Traumatisierungen im Kindesalter ziehen in der Regel schwerwiegende Kurz- und Langzeitfolgen nach sich, die häufig an einer Verhaltensänderung erkennbar ist: So können Heranwachsende entweder teilnahmslos oder deprimiert wirken, oder im Gegenteil sehr hyperaktiv oder sogar tyrannisch kontrollierend. Als Reaktion auf die erlebte unkontrollierbare Situation, die das Trauma ausgelöst hat, werden dann zum Beispiel Eltern kommandiert. Zu den Symptomen zählen entsprechend entweder Antriebslosigkeit bis hin zu Lähmungserscheinungen, plötzliches Einschlafen oder Ohnmachtsanfälle, Verspannungen, Schmerzen, Konzentrationsstörungen, eine Verzerrung der Wahrnehmung von Raum und Zeit oder auch Einkoten oder Einnässen.

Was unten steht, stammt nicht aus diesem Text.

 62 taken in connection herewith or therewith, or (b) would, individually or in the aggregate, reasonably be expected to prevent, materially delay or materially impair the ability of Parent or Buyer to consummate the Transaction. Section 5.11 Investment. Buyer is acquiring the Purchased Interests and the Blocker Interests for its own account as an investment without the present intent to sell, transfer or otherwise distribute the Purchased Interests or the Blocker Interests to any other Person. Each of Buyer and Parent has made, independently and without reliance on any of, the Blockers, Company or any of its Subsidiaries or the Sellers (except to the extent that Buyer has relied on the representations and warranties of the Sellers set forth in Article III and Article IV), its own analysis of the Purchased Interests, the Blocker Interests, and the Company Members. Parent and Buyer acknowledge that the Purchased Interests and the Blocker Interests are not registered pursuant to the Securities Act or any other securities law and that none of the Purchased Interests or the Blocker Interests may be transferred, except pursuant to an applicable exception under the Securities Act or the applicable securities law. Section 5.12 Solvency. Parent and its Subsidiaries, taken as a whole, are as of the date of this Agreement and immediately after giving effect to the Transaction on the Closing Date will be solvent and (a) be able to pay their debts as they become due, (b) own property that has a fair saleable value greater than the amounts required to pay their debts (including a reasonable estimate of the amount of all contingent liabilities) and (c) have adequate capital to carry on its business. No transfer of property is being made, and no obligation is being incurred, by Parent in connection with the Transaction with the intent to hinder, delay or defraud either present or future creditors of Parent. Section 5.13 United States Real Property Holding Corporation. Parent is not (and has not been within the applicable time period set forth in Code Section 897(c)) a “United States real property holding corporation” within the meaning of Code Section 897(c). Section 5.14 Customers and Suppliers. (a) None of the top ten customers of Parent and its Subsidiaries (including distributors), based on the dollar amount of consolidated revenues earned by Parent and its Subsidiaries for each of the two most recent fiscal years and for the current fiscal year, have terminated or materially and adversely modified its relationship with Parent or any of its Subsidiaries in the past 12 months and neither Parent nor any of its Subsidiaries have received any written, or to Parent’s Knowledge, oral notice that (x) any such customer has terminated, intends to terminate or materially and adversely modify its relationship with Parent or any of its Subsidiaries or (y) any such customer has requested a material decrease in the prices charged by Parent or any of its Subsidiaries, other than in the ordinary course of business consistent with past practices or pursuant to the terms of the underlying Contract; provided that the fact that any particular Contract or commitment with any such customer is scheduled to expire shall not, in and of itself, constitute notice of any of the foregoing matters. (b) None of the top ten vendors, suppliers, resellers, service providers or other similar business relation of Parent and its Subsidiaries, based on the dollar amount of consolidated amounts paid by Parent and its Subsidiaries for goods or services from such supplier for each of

Sarah Saf empfahl ihren Zuhörenden, grundsätzlich davon auszugehen, dass jedes Verhalten eines Kindes einen guten Grund hat. Kein Kind verhalte sich absichtlich unangepasst, um einen Erwachsenen zu ärgern. Vielmehr teile das Kind mit seinem Verhalten etwas über sich und seine Geschichte mit. Sie vermittelte auch eine Reihe von praktischen Übungen zur „Erdung“, sprich zum Zurückholen aus der belastenden Erinnerung in die Gegenwart. Bewegung und sportliche Aktivitäten hätten sich zudem zum Spannungsabbau bewährt. Struktur, Klarheit und wiederkehrende Rituale könnten betroffenen Kindern und Jugendlichen zusätzlich Halt geben.

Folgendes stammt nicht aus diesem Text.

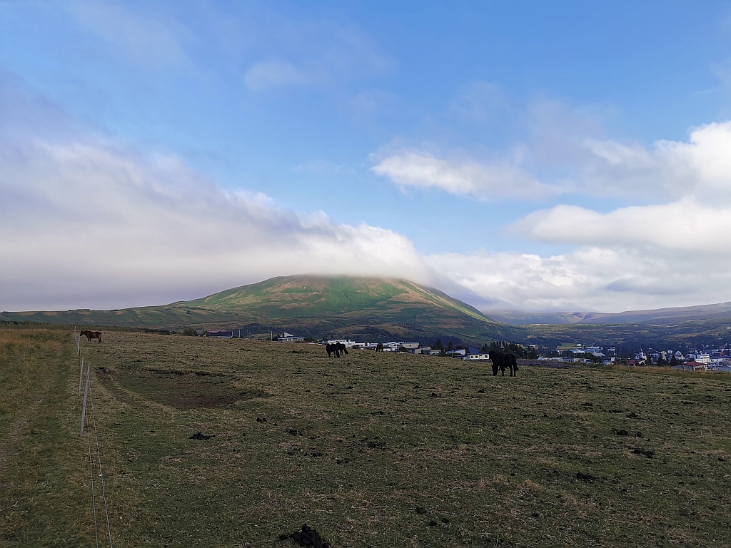 Irgendwann „drohte“ aber dann die Fahrt zurück nach Akureyri. Wobei uns Husavik noch mit einem halb-blauen Himmel und einem sehr isländischen Bild mit Pferden und einem Berg verwöhnte.

In Gruppenarbeit diskutierten die Teilnehmenden dann zwei Fallbeispiele, die Teilnehmende anonymisiert eingebracht hatten. So schilderte eine Lehrerin das Problem mit einer Familie mit zwei Kindern im Alter von 11 und 15 Jahren, die sich nicht motivieren lassen, deutsch zu lernen und überwiegend passiv am Unterricht teilnehmen und teilweise stören. Ihr hartnäckig vorgebrachtes Argument: Deutsch zu lernen sei für sie nicht nötig, da sie ohnehin in Kürze zurückkehren in die Ukraine. Die Teilnehmerinnen und Teilnehmer fühlten sich erinnert an die Fehler der 1970er Jahre, als die so genannten „Gastarbeiter“ kaum integriert wurden, weil man irrtümlich die Rückkehr-Absicht der Zugewanderten unterstellte. In der Gruppendiskussion entstand die Idee, den Eltern die Chancen des Zweitsprachenerwerbs als Schlüssel zur besseren Integration deutlich zu machen. Den Kindern solle die Hoffnung auf eine baldige Rückkehr nicht genommen werden.

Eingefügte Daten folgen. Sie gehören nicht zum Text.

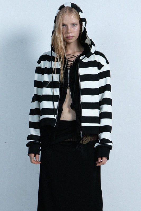 대비 스트라이프 지퍼 크롭 스웨트셔츠

In einem zweiten Fall beschrieb eine Lehrkraft eine teilnahmslos wirkende Schülerin, die häufig nach Unterrichtsschluss herumtrödelt und mit scheinbar belanglosen Themen den engen Kontakt zur Lehrkraft sucht – ärgerlicherweise besonders auch dann, wenn Pausenaufsichten schnelle Raumwechsel erfordern. Auch für dieses Verhalten suchte die Gruppe auf der Basis der neu gewonnenen Informationen konstruktive Lösungsansätze. Offenbar signalisiere das Kind hier einen Kommunikationsbedarf, der entweder mit der Lehrkraft in der Pause abgedeckt werden könnte oder eventuell durch eine neu zu gründende AG.

Grundsätzlich beklagten die Teilnehmerinnen und Teilnehmer, die in Schulen sowie kirchlichen und städtischen Beratungsstellen mit zugewanderten Kindern und Jugendlichen arbeiten, dass häufig die Zeit und das Hintergrundwissen für zielführende pädagogische Interventionen fehlt. Die Teilnehmerinnen und Teilnehmer dankten daher für das Seminar und äußerten daher den Wunsch nach weiteren Fortbildungen zum Thema.

Die Online-Fortbildung im Rahmen des Projekts fokus4 wurde finanziell gefördert durch den europäischen Asyl-, Migrations- und Integrationsfonds (AMIF).